W analizie ilościowej kwasów nukleinowych metodą UV-Vis mierzy się absorbancję roztworu, czyli stopień osłabienia wiązki światła po przejściu przez kuwetę. Dla kwasów nukleinowych kluczowe jest to, że ich zasady azotowe (puryny i pirymidyny) są chromoforami silnie pochłaniającymi promieniowanie UV i wykazują maksimum w okolicy 260 nm. Z tego powodu pomiar przy 260 nm (często zapisywany jako A260) jest standardowym punktem odniesienia do szacowania stężenia DNA/RNA.
Stwierdzenie "Kwasy nukleinowe absorbują światło UV o długości fali 260 nm" jest więc poprawne, bo odnosi się do charakterystycznego maksimum absorbancji wynikającego z budowy chemicznej tych cząsteczek.
Pozostałe odpowiedzi są błędne, ponieważ dotyczą długości fali, które nie stanowią typowego maksimum dla kwasów nukleinowych:
- "…280 nm" kojarzy się przede wszystkim z białkami (aminokwasy aromatyczne), dlatego wybór tej wartości jest typową pomyłką wynikającą z mieszania kontroli białek z oznaczaniem DNA/RNA.
- "…230 nm" bywa związane z pochłanianiem przez różne zanieczyszczenia (np. niektóre związki organiczne lub pozostałości reagentów), ale nie jest to maksimum charakterystyczne dla samych kwasów nukleinowych w oznaczaniu ilościowym.
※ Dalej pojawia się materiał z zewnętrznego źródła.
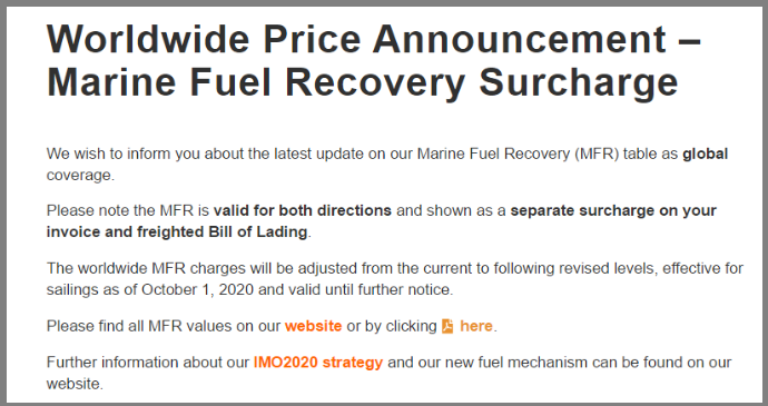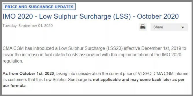 Dynamar的高级航运分析师兼顾问瓦迪说:“据报道,目前拉各斯港的船只等待时间已达五十(50)天,据说有约1000辆集装箱卡车的出口货物被困在港口的路边。”尼日利亚港口管理局(NPA)指责在拉各斯经营Apapa码头的APM码头缺乏集装箱装卸设备,该设备导致该港口积压了货物。此前《卫报》采访了相关在尼日利亚码头的相关工作者了解到:在尼日利亚,码头费约为457美元,运费为374美元,而当地从港口到仓库的运费约为2050美元。SBM的一份情报报告也显示,与加纳和南非的货物相比,从欧盟运往尼日利亚的货物费用更昂贵。8月初贝贾亚(Bejaia)港口工人进行了为期19天的罢工,目前罢工已于8月20号结束。但因此该港口目前的船只靠泊顺序在7至10天之间遭受严重的拥堵,并产生以下影响:因此,港口规定从全球各国发往贝贾亚的船只都需要提交拥堵附加费,每箱标准为100美元/ 85欧元。申请日期从2020年8月24日开始。超过70艘船舶在巴西桑托斯港口排队,预计全部装运完毕需1个月。为了减轻因“限硫令”的实施而造成船用燃料成本的增加,航运公司去年引入了低硫燃油附加费。然而由于燃油价格暴跌,是否继续维持低硫附加费也一直是托运人的争论焦点,他们批评航运公司在取消这一额外费用方面行动迟缓。据悉,航运公司CMA CGM发布公告表示,自2019年12月1日起实施的LSS20(低硫附加费)将不再适用。该航运公司表示:“从2020年10月1日起,考虑到当前极低硫燃料油(VLSFO)的价格,此附加费将不再适用。”不过,该承运公司补充说,附加费“可能会根据我们的公式,以后还会进行调整”。与此同时,赫伯罗特也在官网发布通知表示,将从10月1日起,生效新修订的燃油附加费标准(MFR)。此外,万海航运也依据6月至8月的燃油价格,调整了燃油附加费WBS,适用于10月1日至12月31日。目前,鹿特丹市场上的极低硫燃料油(VLSFO)价格约为320美元/吨,相比之下,只有安装了尾气净化洗涤器的船舶才可以使用重质燃料油(HFO),价格约为275美元/吨。在IMO 2020实施时,VLSFO的价格约为每吨600美元,而之前的行业标准HFO每吨则为300美元。但是在疫情最严重的时候,油价暴跌,VLSFO的船用燃料价格跌至每吨190美元的低点。燃料成本的急剧下降,加上运费的上涨,促使大多数航运公司在第二季度实现了意想不到的高利润。

- "…220 nm" leży w obszarze, w którym wiele związków może absorbować, a pomiar jest bardziej podatny na interferencje; nie stanowi standardowego maksimum wykorzystywanego do oznaczania kwasów nukleinowych.
W praktyce laboratoryjnej poprawny wybór długości fali jest ważny, bo minimalizuje błędy systematyczne i ułatwia ocenę jakości próbki. Przygotowując pomiar, należy pamiętać o właściwym blanku oraz o rozcieńczeniu próbki tak, aby wynik mieścił się w zakresie liniowości metody.